(Entries taken from a collection)
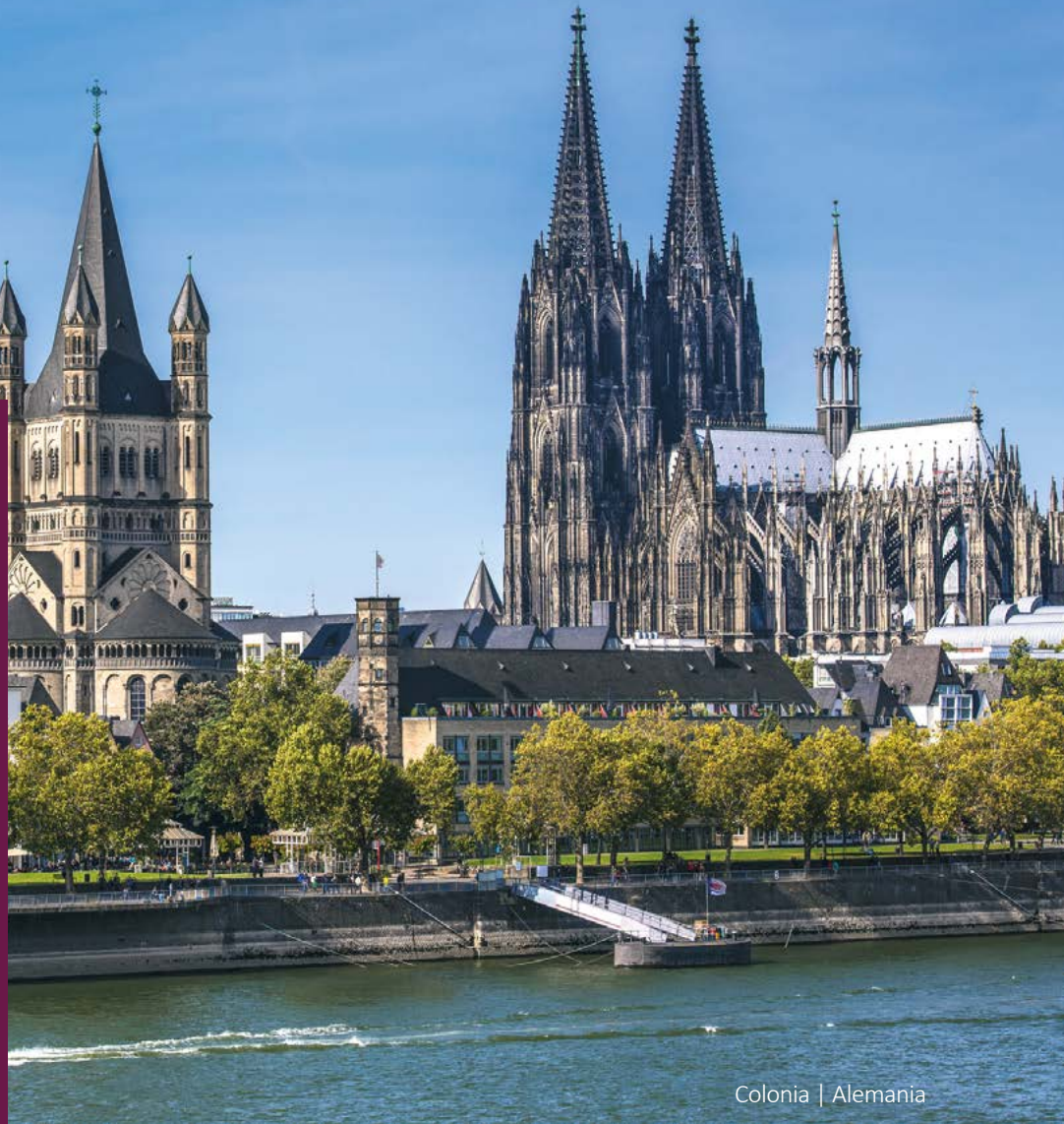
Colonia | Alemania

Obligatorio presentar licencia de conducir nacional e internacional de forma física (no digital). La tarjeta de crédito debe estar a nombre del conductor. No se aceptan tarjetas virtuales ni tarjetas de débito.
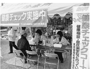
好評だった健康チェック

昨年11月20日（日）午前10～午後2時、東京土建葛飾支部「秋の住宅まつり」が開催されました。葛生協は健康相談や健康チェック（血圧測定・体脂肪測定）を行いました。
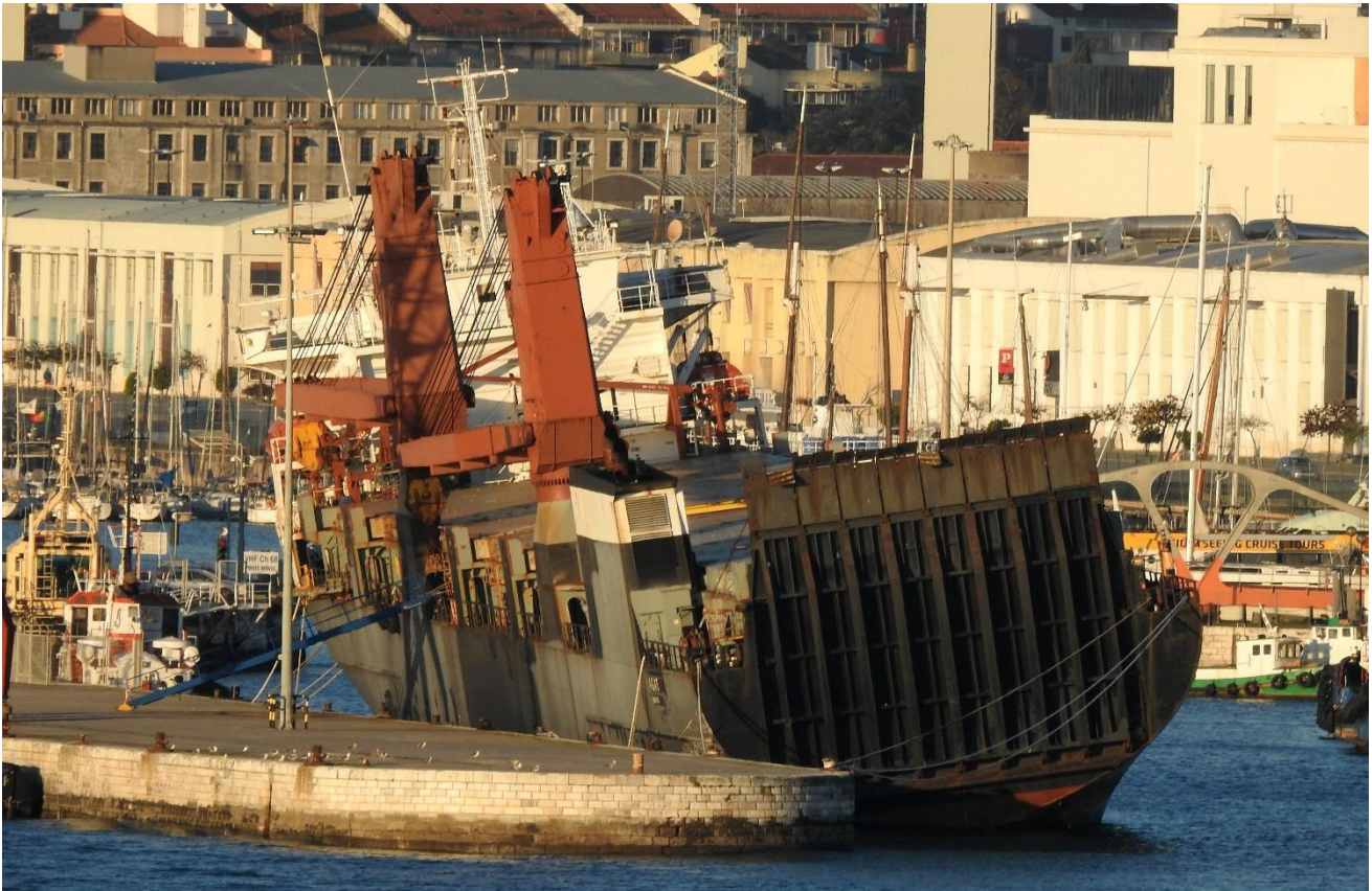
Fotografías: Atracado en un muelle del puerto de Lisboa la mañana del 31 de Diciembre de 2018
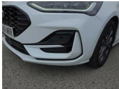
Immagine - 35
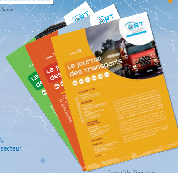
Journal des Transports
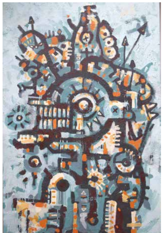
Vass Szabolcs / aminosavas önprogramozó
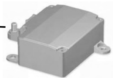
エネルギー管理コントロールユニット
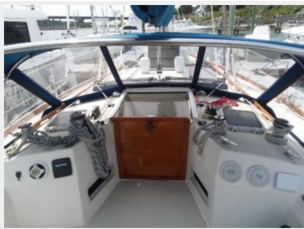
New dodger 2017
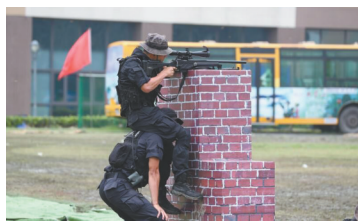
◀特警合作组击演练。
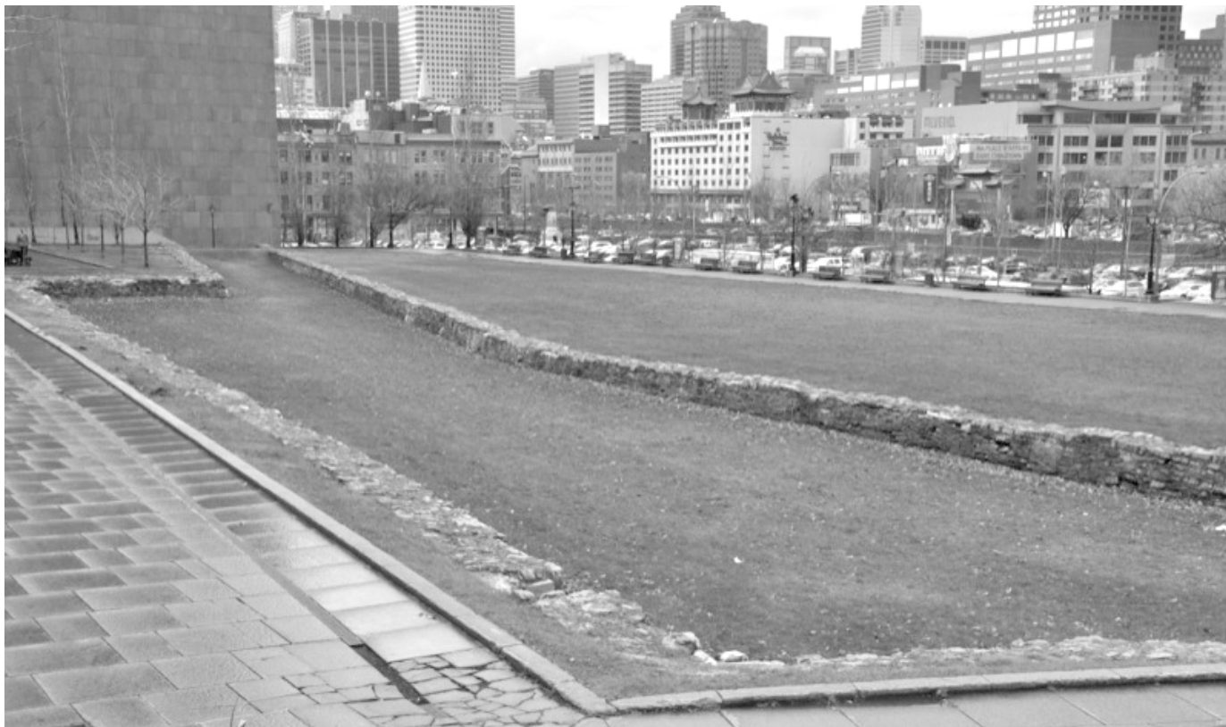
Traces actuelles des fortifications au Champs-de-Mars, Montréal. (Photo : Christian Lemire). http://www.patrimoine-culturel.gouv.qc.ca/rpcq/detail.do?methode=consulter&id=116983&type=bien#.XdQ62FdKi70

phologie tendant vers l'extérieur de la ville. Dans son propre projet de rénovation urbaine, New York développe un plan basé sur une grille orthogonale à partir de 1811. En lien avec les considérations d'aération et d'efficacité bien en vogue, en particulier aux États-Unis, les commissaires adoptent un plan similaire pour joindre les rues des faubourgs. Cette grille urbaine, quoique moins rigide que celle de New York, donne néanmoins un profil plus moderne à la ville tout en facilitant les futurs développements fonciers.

◆ **ACTIVITY**:
Would you copy out every entry above word for word, without the pictures?

◆ **ANSWER SECTION**:
Colonia | Alemania

Obligatorio presentar licencia de conducir nacional e internacional de forma física (no digital). La tarjeta de crédito debe estar a nombre del conductor. No se aceptan tarjetas virtuales ni tarjetas de débito.
好評だった健康チェック

昨年11月20日（日）午前10～午後2時、東京土建葛飾支部「秋の住宅まつり」が開催されました。葛生協は健康相談や健康チェック（血圧測定・体脂肪測定）を行いました。
Fotografías: Atracado en un muelle del puerto de Lisboa la mañana del 31 de Diciembre de 2018
Immagine - 35
Journal des Transports
Vass Szabolcs / aminosavas önprogramozó
エネルギー管理コントロールユニット
New dodger 2017
◀特警合作组击演练。
Traces actuelles des fortifications au Champs-de-Mars, Montréal. (Photo : Christian Lemire). http://www.patrimoine-culturel.gouv.qc.ca/rpcq/detail.do?methode=consulter&id=116983&type=bien#.XdQ62FdKi70

phologie tendant vers l'extérieur de la ville. Dans son propre projet de rénovation urbaine, New York développe un plan basé sur une grille orthogonale à partir de 1811. En lien avec les considérations d'aération et d'efficacité bien en vogue, en particulier aux États-Unis, les commissaires adoptent un plan similaire pour joindre les rues des faubourgs. Cette grille urbaine, quoique moins rigide que celle de New York, donne néanmoins un profil plus moderne à la ville tout en facilitant les futurs développements fonciers.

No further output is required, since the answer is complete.